Суворов дорисовал. Вот как было в рассказе:
«Взрослые, сильные люди ошеломленно глядели, как он застывает меж ними, распятый (так им тогда показалось. Так и теперь ему кажется. Так будет казаться всегда, если всегда — это вечно, все чертово время без каких-либо вычетов) на кресте их внезапной, но стойкой отныне, на годы, неприязни друг к другу. По мере того как сердца их неотвратимо, взахлеб, заполнялись густым и приземистым ужасом, отец понимал (как в считалке — на счет раз, два, три), что сын онемел.
Это была катастрофа.
Потеряв способность говорить, мальчик превратился в слепок с кошмара, который, преследуя их день за днем, лишь по ночам иногда отпускал побродить их фантазии в гавань свершившихся грез. Однако стоило отцу заглянуть незамеченным в детскую, он заставал все ту же картину: растопырив в стороны руки и почти не моргая, сын смотрит вдаль, куда-то туда, где его стережет разъятый надвое мир…
Сменив с десяток врачей, не сумевших ничем обнадежить, они наделали множество необязательных глупостей в жестоком и эгоистичном усердии победить поквитавшийся с ними недуг. Но ни попытки удерживать малыша часами в объятиях, ни путы, которыми они пару раз, ненавидя себя, прижимали тонкие, точно лозы безумия, руки к тулову, ни банальные хитрости вроде кидания сыну мяча эффекта не возымели: руки всегда возвращались на место — стрелки компаса, привязанного к беде…»

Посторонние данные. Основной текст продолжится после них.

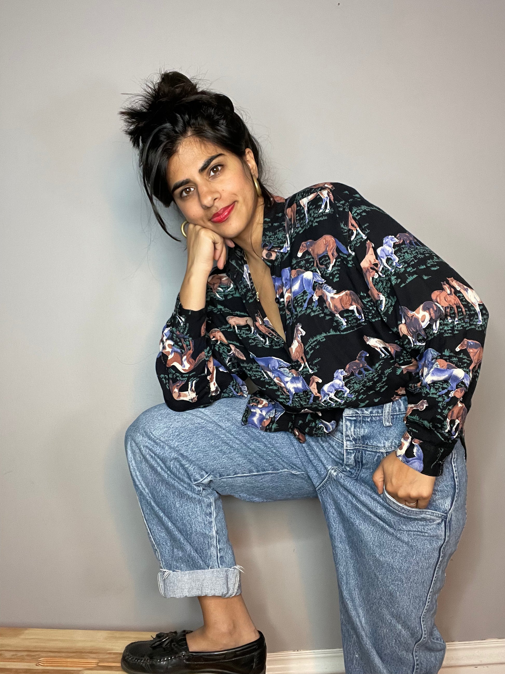 ITEM DESCRIPTION: Black Equestrian Print Blouse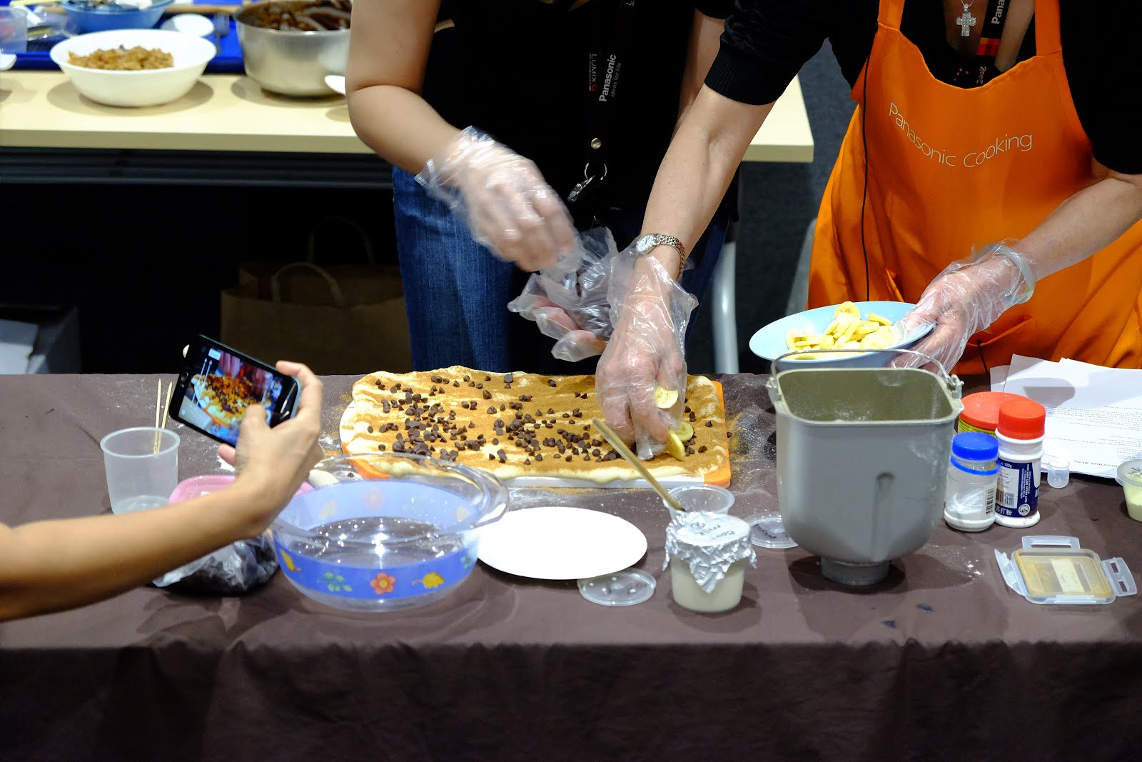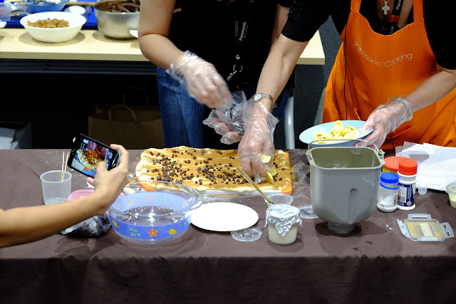 With copies of Panasonic's recipes in our hands, Mdm Theresa showed us how to bake the ever delicious Cinnamon Bun using a bread maker. I am no stranger to bread makers although I never owned one and it's pretty cool and easy since you can mix AND bake the dough with 1 appliance. Horray for less work in dish washing! The bread maker is not limited to just a variety bread but also dumpling skin dough and cakes. The specific bread maker we used (info attached to recipe) comes with a yeast and raisins & nuts dispenser. Macam washing machine with fabric softener dispenser. haha

Дня через два он снова явился и сразу, с порога, сказал: «Вы не спросили меня, для чего это нужно». Она пожала плечами: «Наверняка чтобы что-то припрятать. Разве творят для чего-то другого?» Он присел рядом на стул и сказал: «У меня скоро должен родиться ребенок». Она же, напротив, поднялась, сняла халат и распорядилась: «Пойдемте отсюда. Все равно моя смена закончилась. Перенесем вашу исповедь на потом. Вы на машине? Тогда едем. Я хочу вам кое-что показать».
У пятиэтажки на Шаболовке рядом с трамвайным депо она попросила притормозить. Войдя в подъезд, набрала, не глядя, код на железной двери и, прежде чем войти, предупредила: «Здесь темная лестница. Спускаемся вниз. Осторожней: ступеньки». Очутившись в подвале, щелкнула зажигалкой и передала ее спутнику, чтобы тот посветил. Потом отперла низкую дверь и нажала на выключатель: «Мастерская приятеля. Располагайтесь. На диване — удобней всего». Суворов повиновался. В комнате было сыро, но душно из-за пущенных по периметру труб отопления. Ни мольберта, ни станка с надетым поверх холстом он не нашел. Она пояснила: «Художник. Хотя и не обычный. Визуальный артист. Вот, поглядите». Суворов принял в руки альбом, стал листать. Какие-то фотографии, ни одна из которых не тянула, впрочем, на то, чтоб считаться шедевром. «Что, не нравится?» «А должно?» «Вовсе нет». «Не понимаю… Кто эти люди?» «В некотором роде человеческий идеал». «Вот как?» «Все они идеально здоровы. Мой приятель охотник. А я ему помогаю. Всякий раз, как приходит к нам в поликлинику совершенно здоровый типаж, я делаю снимок. Почти все фотографии в этом альбоме — мои». «И в чем же здесь смысл?» «Не спешите. Посмотрите внимательно и постарайтесь потом описать хоть кого-то из них. Правда, это непросто? Их лица почти что безлики». «Пожалуй». «Но каждый из них уникален: абсолютно здоровых людей днем с огнем не найдешь». «Вы к чему это?» «Сейчас поймете». Выключив свет, она прошла в центр комнаты, где стояли четыре прожектора, и попросила: «Закройте глаза». Через мгновение сквозь сомкнутые веки он ощутил настолько яркую вспышку, как если бы над головой у него блеснула разрядом молния. «Теперь можно».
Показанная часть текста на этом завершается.